Plaintiff has submitted two additional affidavits to support his argument that he has acquired rights to exclusively use the HealthSource Chiropractic mark in Monroe County and the five contiguous counties. Defendants contend that the evidence should not be considered because it was not timely produced in discovery pursuant to Rule 26 of the Federal Rules of Civil Procedure. Defendants also contend that the evidence submitted does not conclusively establish Plaintiff's exclusive right to use the HealthSource Chiropractic mark in the entirety of Monroe County and the five contiguous counties. Instead, they contend that Plaintiff's zone of exclusivity should be limited to the three to five mile radius surrounding his office in Monroe County as of the date when his trademark rights were frozen - July 10, 2007.
The Court will consider the additional evidence over Defendants' objections. With respect to the Dudley Affidavit, in its August 2012 Order, the Court granted Plaintiff additional discovery as needed and specifically instructed the Plaintiff to provide information relating to the dates he treated patients in areas outside of Monroe County. Further, Defendants were provided with the name of the second affiant, Craig Rybczynski, during discovery, albeit on the last day. While Plaintiff could have provided Rybczynski's name at an earlier date, there is no evidence that the Defendants were prejudiced by the relatively late disclosure. Accordingly, the Court denies Defendants' request to exclude this information from the record.
The Court previously discussed some of the case law relevant to its decision on this issue. Courts have found several factors relevant to determining the geographic extent of market penetration. For example, (1) volume of sales; (2) growth trends; (3) number of buyers in ratio to potential customers; and (4) amount of advertising. See Natural Footwear Ltd. v. Hart, Schaffner & Marx, 760 F.2d 1383, 1398-1399 (3rd Cir. 1985) (citing cases). And other Courts have relied the concept of the "zone of natural expansion" to determine the territorial limits of a party's exclusive right to use a particular mark. See Allard Enterprises, Inc. v. Advanced Programming Resources, Inc., 249 F.3d 564, 574 (6th Cir. 2001)(citing In re Beatrice Foods Co., 57 C.C.P.A. 1302, 429 F.2d 466, 475 (1970)("[w]here a party has submitted evidence sufficient to prove a strong probability of future expansion of his trade into an area, that area would then become an area of likelihood of confusion if a registration covering it was granted to another party.")). The Allard Court held that the consideration of the Natural Footwear factors and the concept of the zone of natural expansion, together, was an appropriate test for courts to determine the parties' respective territorial rights. Id. However, "[t]he actual geographic area a party carves out is a question of fact." Popular Bank of Florida v. Banco Popular de Puerto Rico, 9 F.Supp.2d 1347, 1354 (S.D.F.L. 1998).
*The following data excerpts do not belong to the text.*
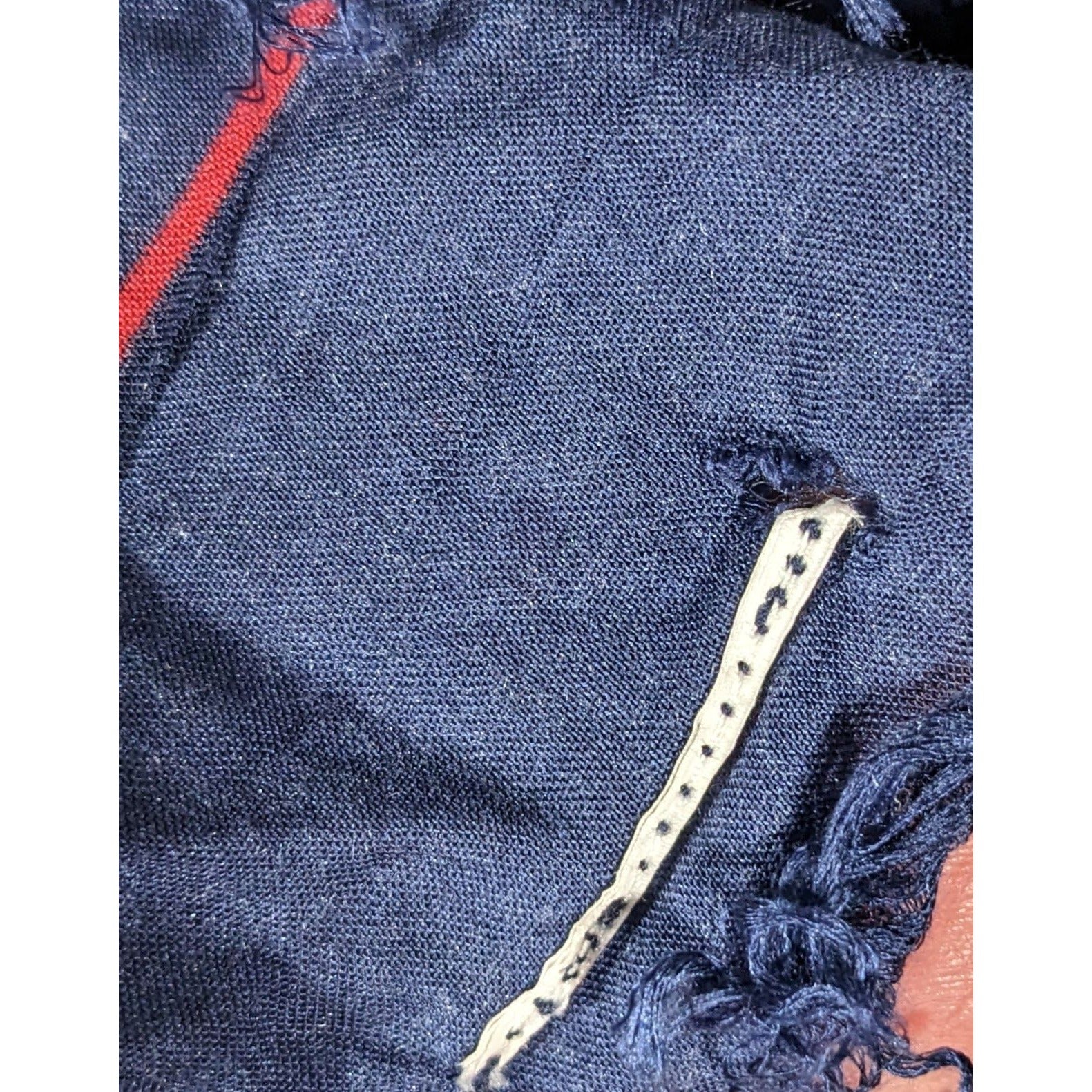 Gently used. Light wear on the ends of the fringe, leading to some whitening at the very ends of the blue. The tag has been cut off, and there's a small hole next to where the remnants of the tag are. See photos.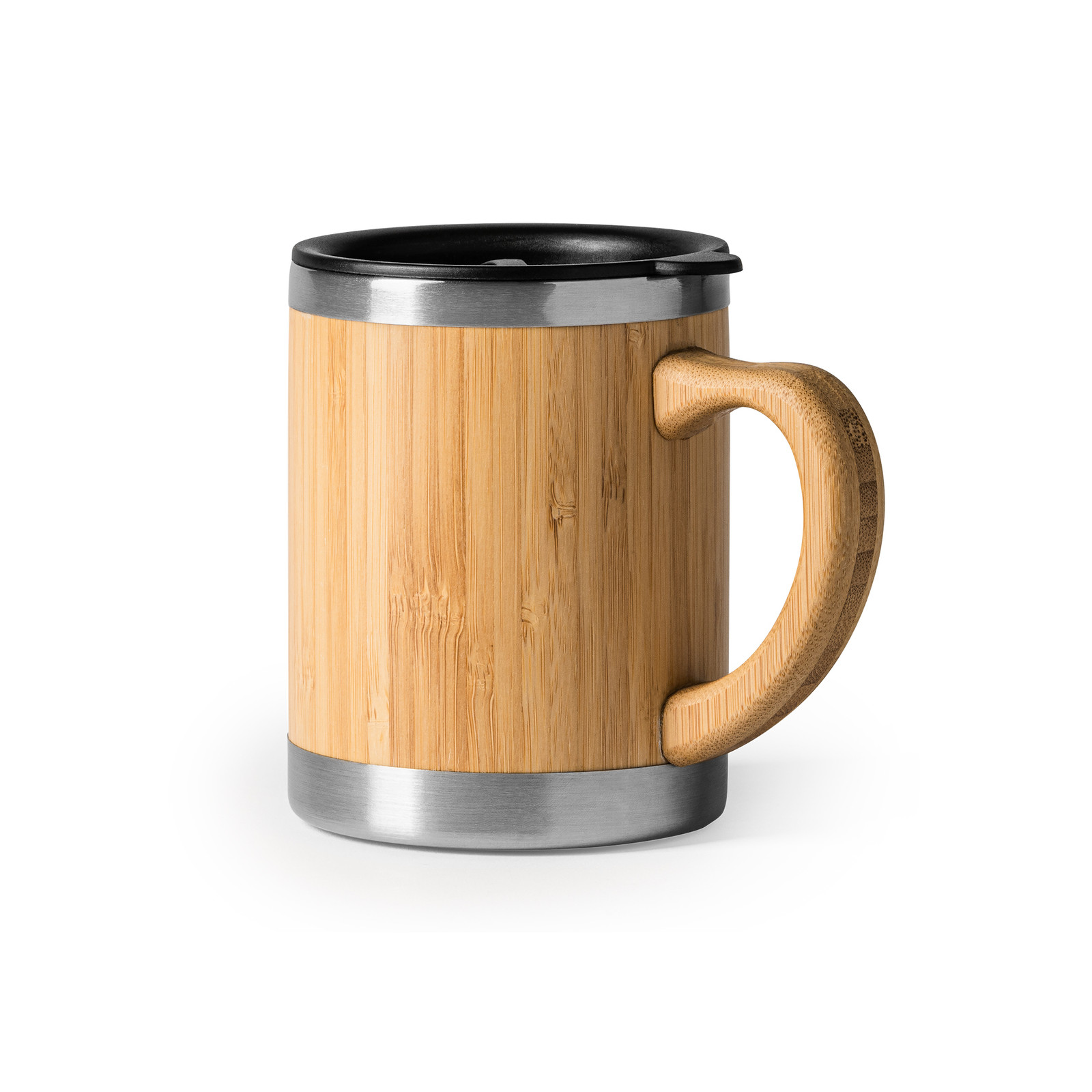 Tazza in acciaio inossidabile a doppia parete con esterno in bambù naturale. Include tappo dosatore. Capacità 340ml. Dimensioni: cm 10,8x8,2. Confezione in scatola eco design. Imballo: 50pz.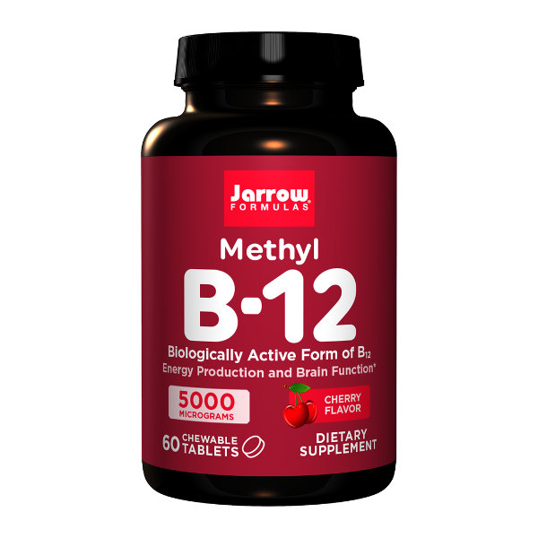 Jarrow Formulas Methyl B-12 Cherry 5000mcg - витамин B12 в форме метилкобаламина, который поддерживает здоровье и функционирование мозга и нервной системы, производство энергии и циклы сна и бодрствования. Метил B12 лучше усваивается, чем цианокобаламин, поэтому добавки могут понадобиться пожилым людям, лицам, принимающим схемы снижения кислотности желудка, а также некоторым вегетарианцам.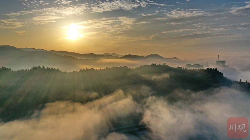 位于南充市嘉陵区的嘉陵工业集中区上空,太阳徐徐升起,云雾缭绕,美轮美奂。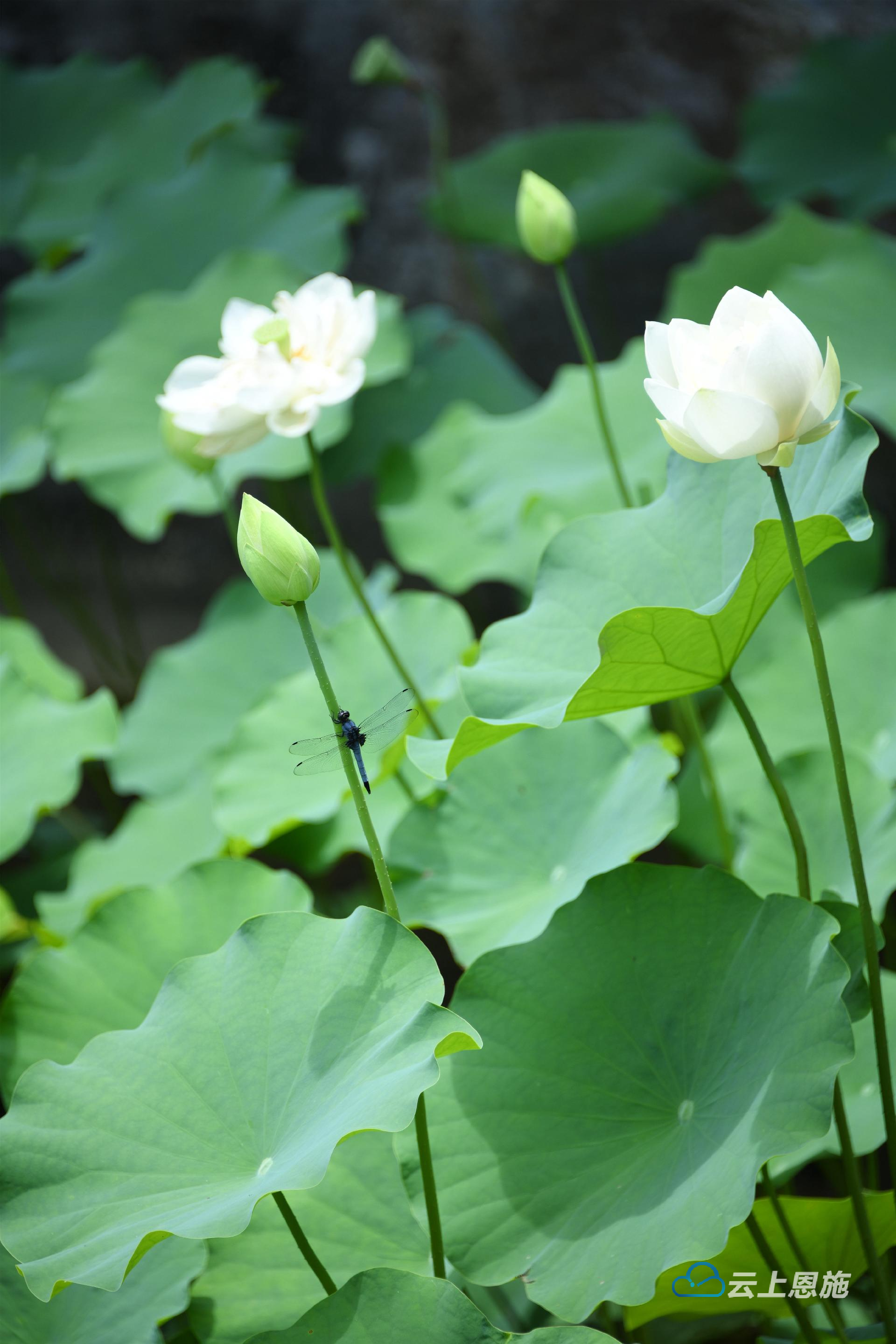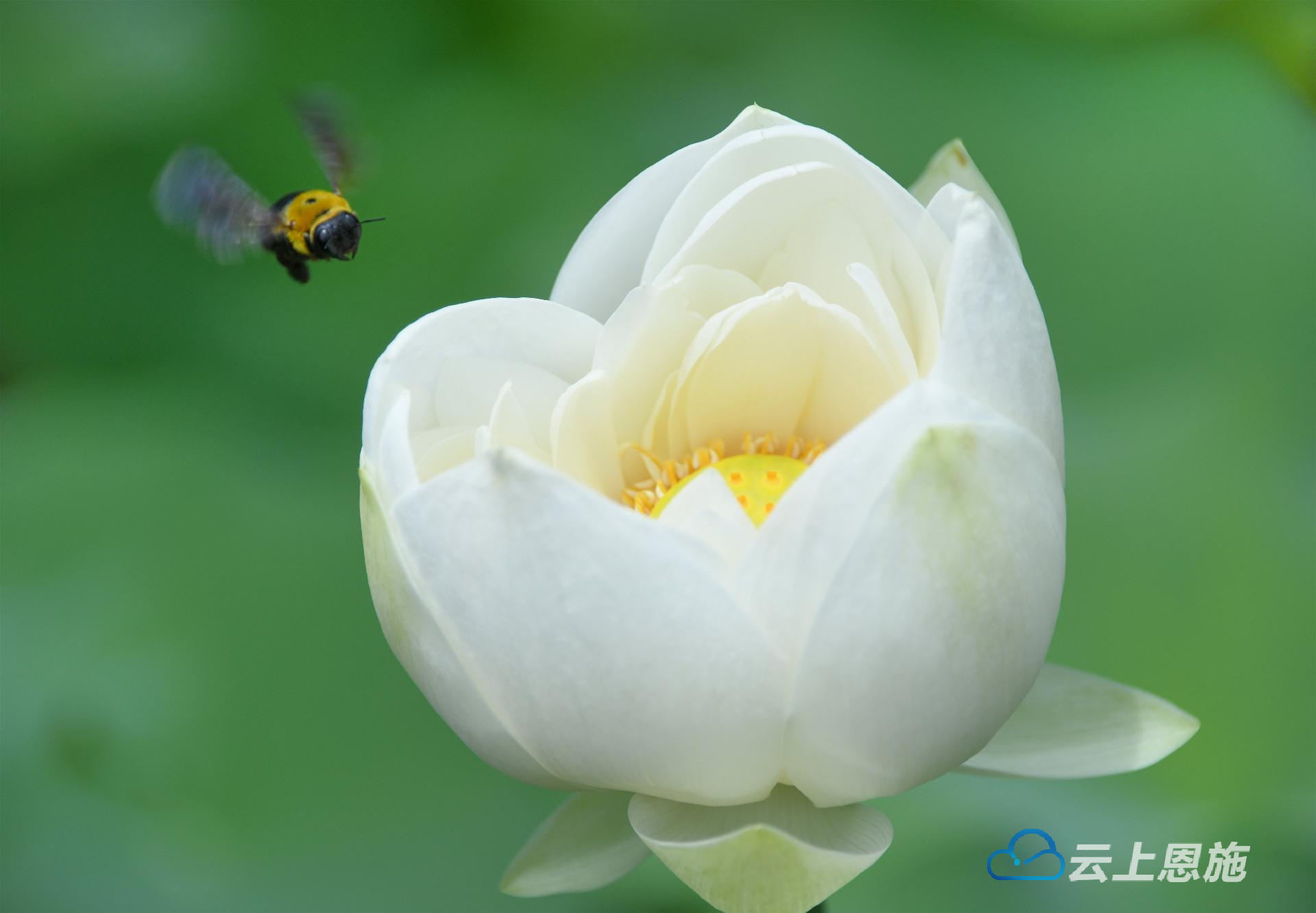 盛夏时节,宣恩县贡水河国家湿地公园的荷花竞相绽放,吸引蜻蜓、蜜蜂花间停留,别有一番韵味。

According to the record, Plaintiff had approximately one hundred patients outside of Monroe County and approximately eight hundred patients in Monroe Country as of July 10, 2007. Forty eight of those patients outside of Monroe County resided in the five counties contiguous to Monroe County, which Plaintiff contends should be included within his zone of exclusivity. Defendants counter that forty eight people is an extremely small percentage of the population of the five contiguous counties and that Plaintiff has not produced evidence relating to several of the other Natural Footwear factors. Defendants also contend that the typical geographic reach of a chiropractic office is three to five miles.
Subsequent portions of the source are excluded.